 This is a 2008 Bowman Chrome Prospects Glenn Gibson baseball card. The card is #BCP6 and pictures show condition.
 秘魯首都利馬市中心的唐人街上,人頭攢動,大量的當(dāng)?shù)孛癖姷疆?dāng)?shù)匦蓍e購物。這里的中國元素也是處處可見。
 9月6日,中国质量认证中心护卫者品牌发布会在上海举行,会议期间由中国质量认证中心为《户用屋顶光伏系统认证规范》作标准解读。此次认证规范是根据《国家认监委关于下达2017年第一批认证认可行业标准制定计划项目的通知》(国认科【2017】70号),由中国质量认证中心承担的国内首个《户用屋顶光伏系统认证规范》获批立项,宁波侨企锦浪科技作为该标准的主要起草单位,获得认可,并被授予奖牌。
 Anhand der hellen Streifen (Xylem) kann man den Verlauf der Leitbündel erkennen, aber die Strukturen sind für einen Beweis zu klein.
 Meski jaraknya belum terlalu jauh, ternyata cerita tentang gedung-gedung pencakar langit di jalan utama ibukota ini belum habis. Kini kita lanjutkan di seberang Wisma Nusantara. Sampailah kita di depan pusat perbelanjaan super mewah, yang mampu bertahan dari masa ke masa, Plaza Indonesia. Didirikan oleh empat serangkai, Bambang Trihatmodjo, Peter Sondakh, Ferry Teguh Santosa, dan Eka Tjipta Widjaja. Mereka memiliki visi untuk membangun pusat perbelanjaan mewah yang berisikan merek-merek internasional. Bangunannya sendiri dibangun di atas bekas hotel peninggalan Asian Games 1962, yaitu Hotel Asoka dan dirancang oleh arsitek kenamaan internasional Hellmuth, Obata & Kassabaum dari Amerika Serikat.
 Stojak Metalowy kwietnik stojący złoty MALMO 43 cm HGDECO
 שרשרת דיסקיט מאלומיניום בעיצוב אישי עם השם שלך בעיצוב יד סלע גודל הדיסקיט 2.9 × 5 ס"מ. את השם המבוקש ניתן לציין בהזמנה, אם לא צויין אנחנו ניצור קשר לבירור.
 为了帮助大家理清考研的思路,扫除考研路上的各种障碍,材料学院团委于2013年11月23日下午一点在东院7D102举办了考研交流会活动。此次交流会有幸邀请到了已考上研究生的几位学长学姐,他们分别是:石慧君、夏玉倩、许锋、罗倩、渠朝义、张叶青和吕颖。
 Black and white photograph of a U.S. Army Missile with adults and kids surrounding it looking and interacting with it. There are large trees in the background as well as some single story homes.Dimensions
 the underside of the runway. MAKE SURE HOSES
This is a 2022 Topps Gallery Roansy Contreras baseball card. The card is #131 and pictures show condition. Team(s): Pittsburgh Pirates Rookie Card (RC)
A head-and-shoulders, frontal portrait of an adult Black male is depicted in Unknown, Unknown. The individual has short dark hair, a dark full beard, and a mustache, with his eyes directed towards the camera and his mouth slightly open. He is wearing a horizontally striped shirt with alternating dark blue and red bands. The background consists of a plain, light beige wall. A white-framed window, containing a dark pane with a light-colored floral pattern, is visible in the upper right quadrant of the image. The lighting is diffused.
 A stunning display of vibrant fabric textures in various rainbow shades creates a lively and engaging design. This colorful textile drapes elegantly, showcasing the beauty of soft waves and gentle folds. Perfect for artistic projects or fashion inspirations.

# WORK ORDER:
Where the word "pictures" is present in a line of the listing, copy that line.

# SOLUTION TO THIS TASK:
 This is a 2008 Bowman Chrome Prospects Glenn Gibson baseball card. The card is #BCP6 and pictures show condition.
This is a 2022 Topps Gallery Roansy Contreras baseball card. The card is #131 and pictures show condition. Team(s): Pittsburgh Pirates Rookie Card (RC)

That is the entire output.